Distribution of c-myc oncoprotein in healthy and atherosclerotic human carotid arteries.

PURPOSE

Smooth muscle cell (SMC) proliferation is a central event in the development of arteriosclerotic plaque. Regulation of this proliferative process is controlled in part by the action of specific peptide growth factors that may influence early cell-cycle regulatory gene expression. Such "early" response genes include the protooncogene c-myc, which has been implicated in the induction of cell proliferation and differentiation. We compared the distribution of the c-myc protooncogene product in healthy and atherosclerotic human carotid arteries to determine its cellular and tissue localization.

METHODS

Samples of six carotid artery plaques from six patients were rapidly frozen in liquid nitrogen at the time of carotid endarterectomy. Three nondiseased human carotid arteries obtained at organ harvest from brain-dead organ donors were similarly prepared. Frozen sections were labeled with a polyclonal rabbit anti-c-myc antibody that recognizes the 64 kd c-myc human protein. The percentages of cells positive for c-myc (c-myc index) and the intensity of antibody labeling were determined.

RESULTS

Normal human carotid artery demonstrated minimal, isolated cell staining, with single scattered grains of immunocytochemical staining product seen in SMC nuclei.
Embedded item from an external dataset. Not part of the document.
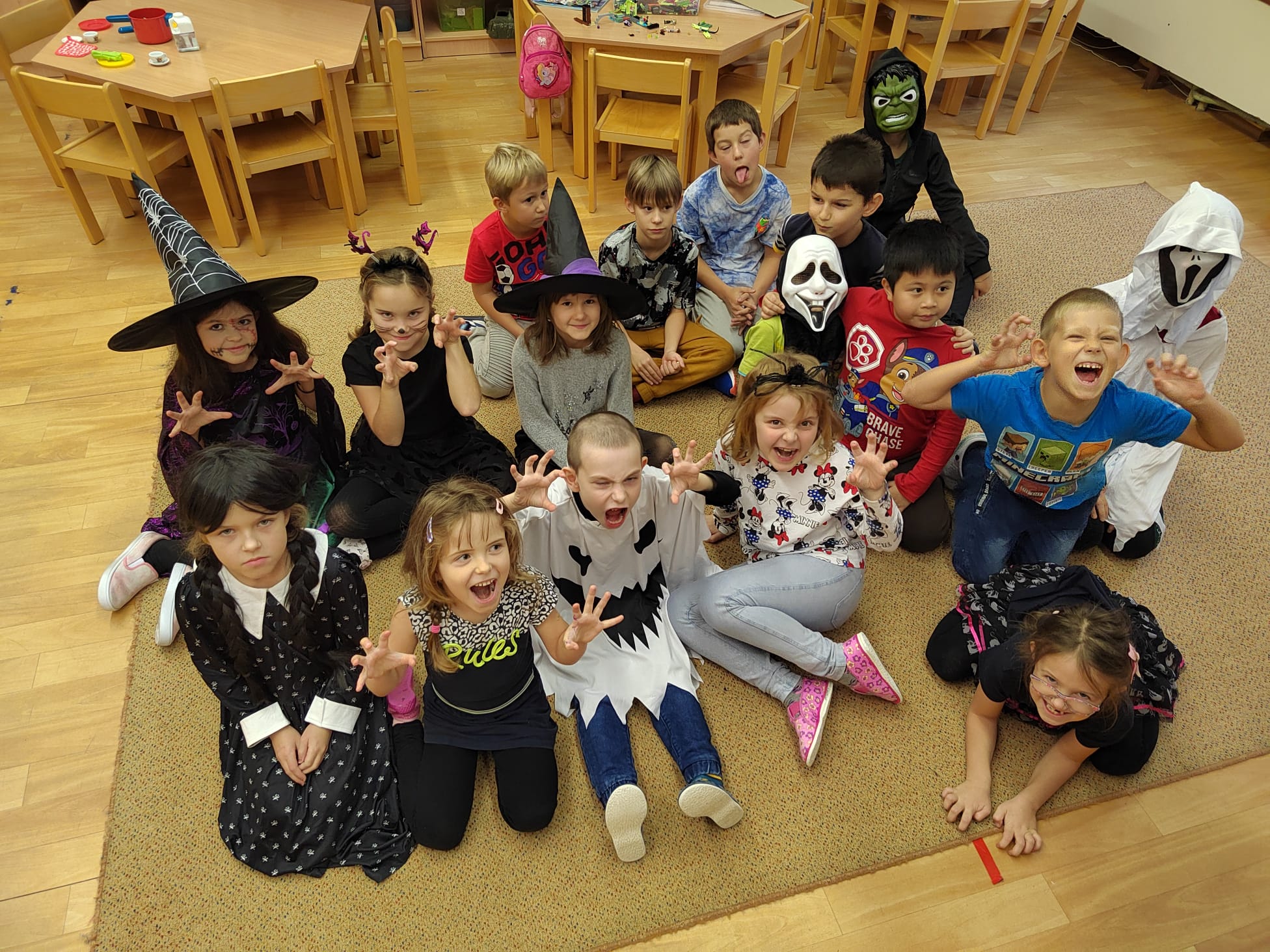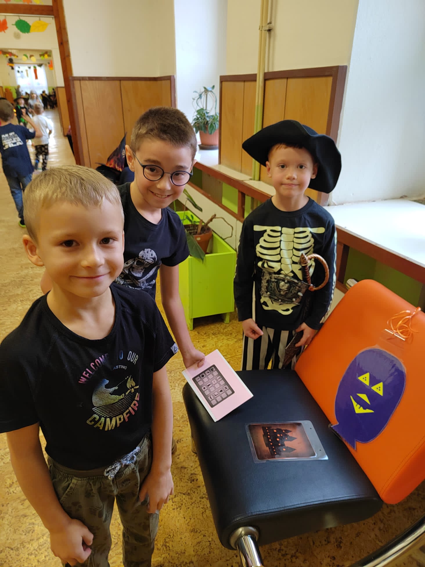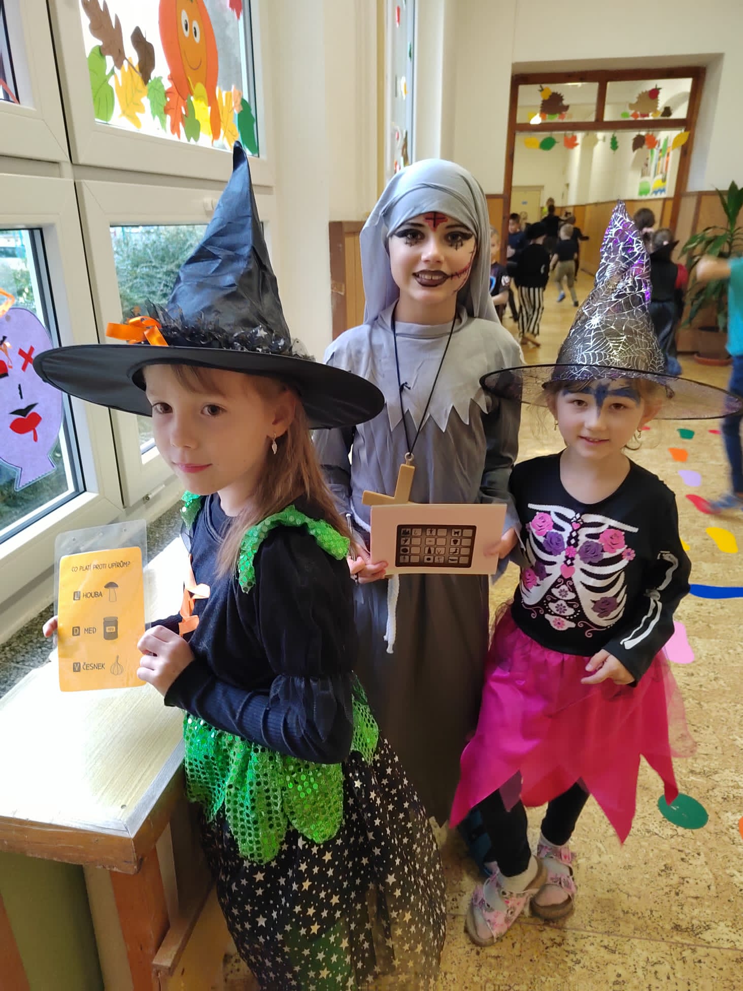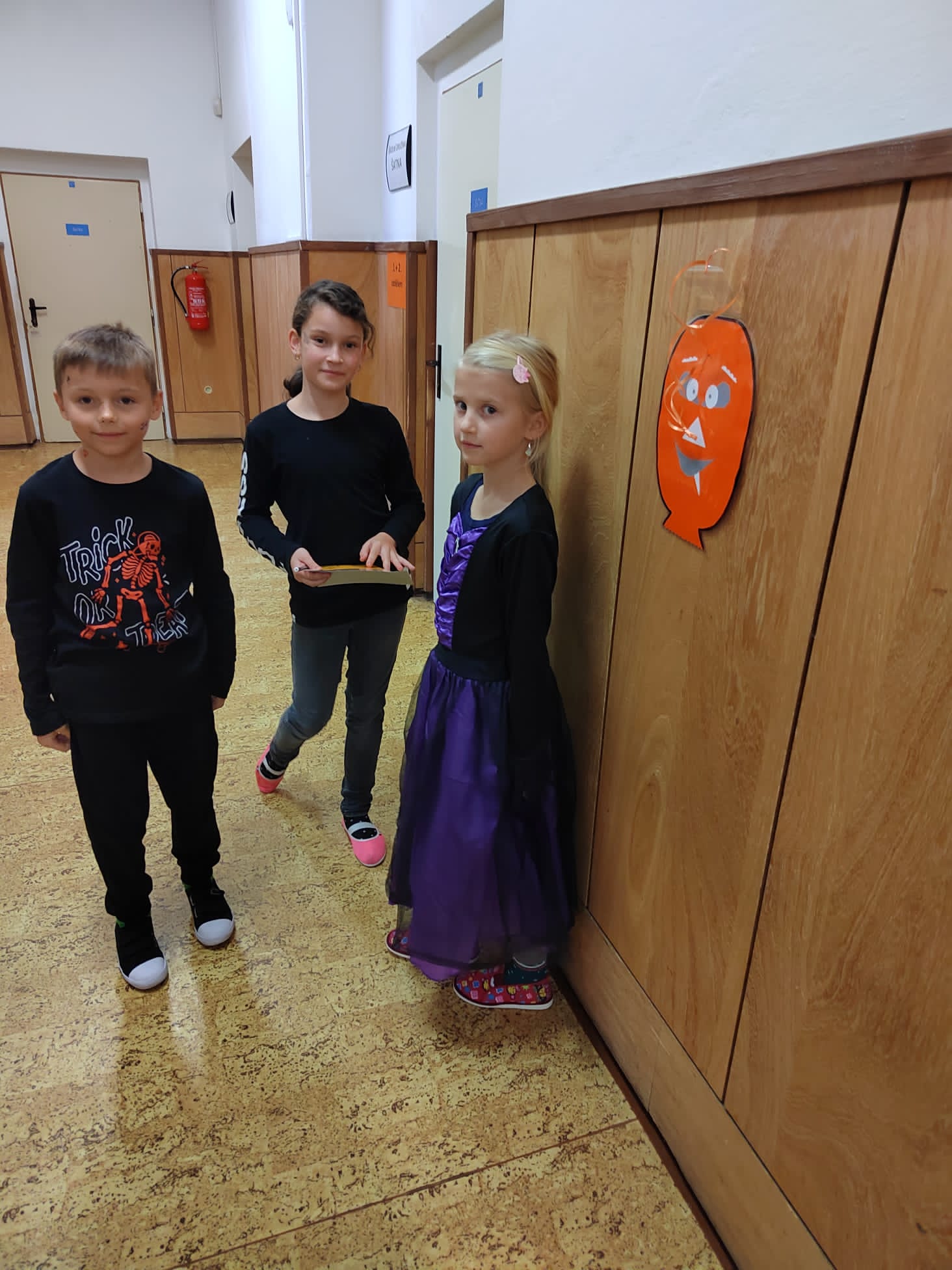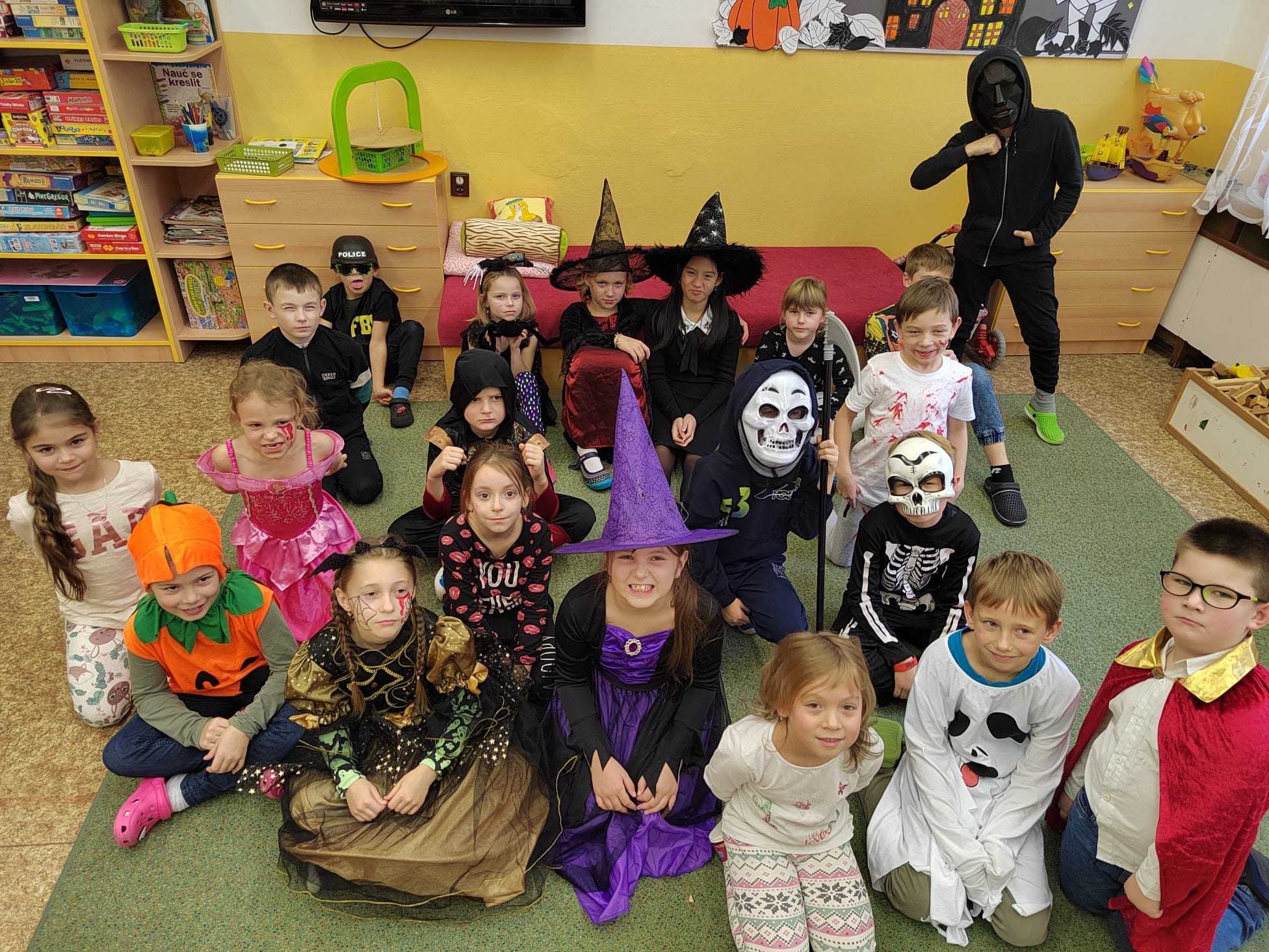V úterý 31.10. se děti ve strašidelných převlecích zabavily kvízem či Halloweenskou stezkou, kdy v prostorech naší chodby plnily ve skupinkách zašifrované úkoly a poté musely daný rébus doplnit do tajenky.

The myc index was 14.7% +/- 3.5% positive cells. In comparison, SMCs from carotid plaque showed a significant predominance of c-myc immunoreactive cells (89.8% +/- 4%; p < 0.001). The intensity of c-myc staining was greater in plaque SMCs, with many of the cells demonstrating confluence of immunocytochemical precipitate throughout 50% of SMC nuclei.

CONCLUSIONS

Although the exact role of enhanced expression of the c-myc protooncogene in atherosclerosis is unclear, a cooperative influence of abnormal early cell-cycle gene expression and humoral factors may initiate the atherogenic process. The c-myc gene and other protooncogenes are early molecular markers of cell-cycle activity, which may be important in the development of atherosclerosis and occlusive vascular disease.